George Halford
- Full name: Jonathan George Halford
- Born: 27 April 1886 Gloucester, England
- Died: 30 May 1960 (aged 74) Stroud, England

Rugby union career
- Position: Second-row

International career
- Years: Team / Apps / (Points)
- 1920: England / 2 / (0)

= George Halford (rugby union) =

England international rugby union player

Jonathan George Halford (27 April 1886 – 30 May 1960) was an English international rugby union player.

Born in Gloucester, Halford was the son of a blacksmith's assistant, widely known by the nickname "Biddy".

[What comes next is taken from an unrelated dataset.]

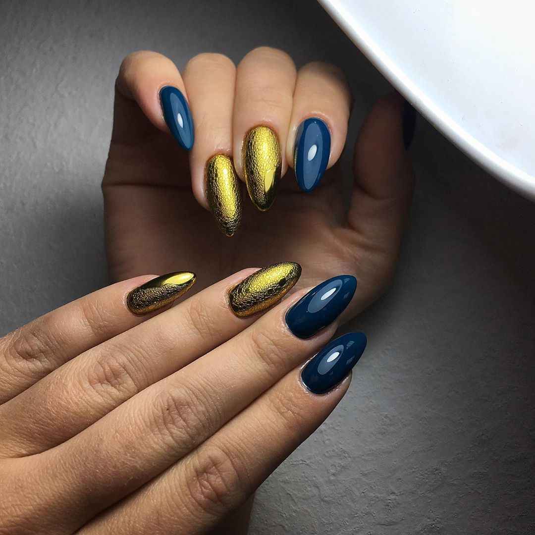 Мраморный маникюр с золотым и блестящим гель-лаком

Halford, a second-row forward, made his debut for Gloucester in 1907-08, following a period of army service. He was captain for the 1913-14 season, then during the war served as a private with the 1st Battalion of the Gloucestershire Regiment, arriving in 1914 at Le Havre. During fighting in France in early 1915, Halford was erroneously reported as having been killed, but had instead suffered shrapnel injuries and recovered in an English hospital.

After the war, Halford resumed as Gloucester captain and in his first season back won an England call up, gaining caps against Wales and France during the 1920 Five Nations. He finished his career with 34 county appearances for Gloucestershire, which included four County Championship titles, and remained with Gloucester until 1923.

Halford's great-grandson, Alex Seville, was an England under-20 representative player.